No one is really perfect. Even the kindest and purest of all has it flaws.
I don't even know why but until now I can't outgrow these traits.
Like I can't have a control on myself.
So here I'm sharing to you my some traits that I literally want to outgrow them.
Trait # 1:
Having less patience.
I hate to admit it, but I find myself losing patiences immediately. I mean like after a few tries, I find myself giving up.
Thought it really depends on the task, generally I find myself stopping.
Like I know the saying goes by that never give up. But I don't even know why I give up.
How would I outgrow and remove this trait?
So what I'm planning to do is that I would be more patient. – obviously.
I mean I should try to expand my patience and just be determined to finish the task. Use my brain well.
With the mix of patience and determination you get success as a product. 😉
Having no control to myself.
This is the most hardest trait I ever hard. I can't control myself!

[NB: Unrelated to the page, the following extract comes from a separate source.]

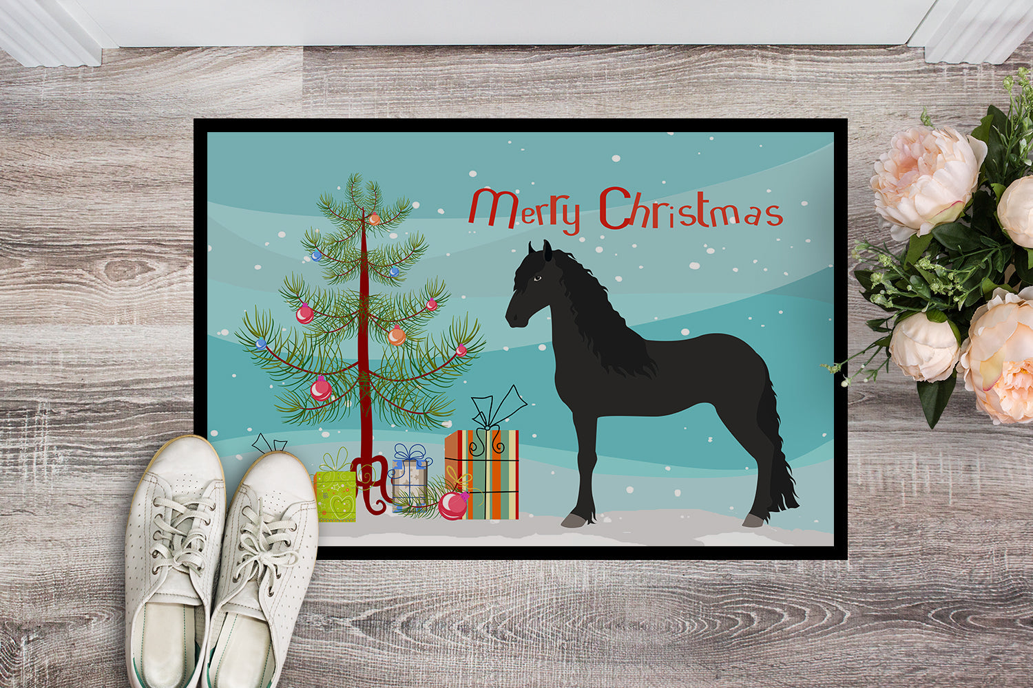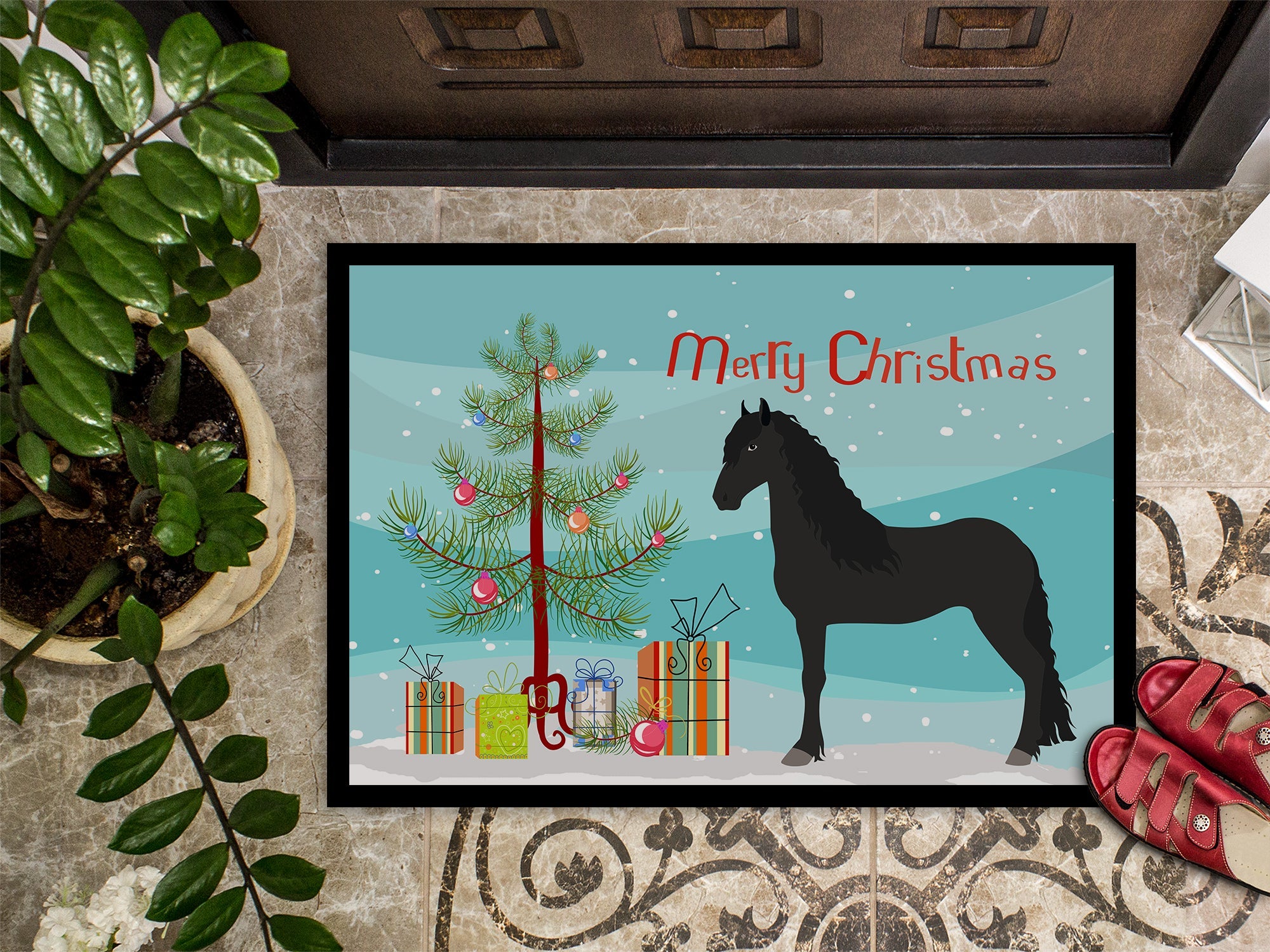 Decorate your space with our Christmas Friesian Horse artwork on a Doormat. Welcome your guests in style with our Artwork Door Mat, designed to withstand almost any weather condition. This mat, measuring approximately 24 by 36 inches, is held together by durable black binding tape. Its top layer, composed of polyester felt, is dyed with the eye-catching image you see on the mat. A few layers below provide the mat with stability, while its rubber bottom is stamped to help prevent slipping and ensures safety. Our mat works wonderfully as both an indoor or outdoor door mat. For cleaning, simply hose it off with water or use a power washer - no need for any cleaner that produces suds. Avoid scrubbing with a brush, instead, opt for the vacuum on floor setting. Designed manufactured and printed in the USA, this mat is a perfect addition to your porch, outdoor kitchen, entryway, or any indoor space. Its unique design makes it a charming decorative rug that greets your guests and adds a stylish touch to your home decor.

When I'm really curious, I lose control on myself and just do whatever I want in order to remove curiousity.
Like not being conscious.
And later on I would be regretting what I've done.
So I really really really need to learn on controlling myself.
How would I do this?
By resisting my urges to do things. By having that control fiercely.
I have to take control of myself than my curiosity.
Like what they say, regrets happens last.
And this goes similarly to trait #3
Sometimes, I have no discipline to myself.
Like I can't even resist!
I mean this happens lately. Maybe because I'm so sickly bored and I wasn't busy for the last four months.
How would I stop this trait?
I have to be determined on stopping this. And maybe busy myself more.
I have to learn how to resist.
Sometimes I think this is part of my life. Overthinking.
I really want to kill this trait and just be happy-go-lucky.
But then if you're intelligent and like you don't want failures (in short, perfectionist), you would go overthinking to the max.
I mean I'm not saying I'm a perfectionist. I'm just scared to commit mistakes. But if I ever commit mistakes, I accept them honestly.
Like how would I say this??
I'm not a perfectionist, but in life? You have to be successful. Pure failures results to massive misery.
I mean the point here is, I just don't want my life to have a greatest downfall.
I mean we all have right?
Ugh, I'm being nonsensical here.
Like we wouldn't stop the fact that we don't want things to go wrong right?
I don't even really know if I'm really hotheaded or it's just the people around me are so damn annoying.
I mean especially when I'm doing something and then they bug me? Sometimes I just sigh and sometimes I burst.
I mean I remember that's what my family and some of my teachers told me. I'm hotheaded.
Geez. I'm taking chill pills duh! Joke!
These are my five traits that I want to them to vanish.
How about you? What are five traits that you want to remove?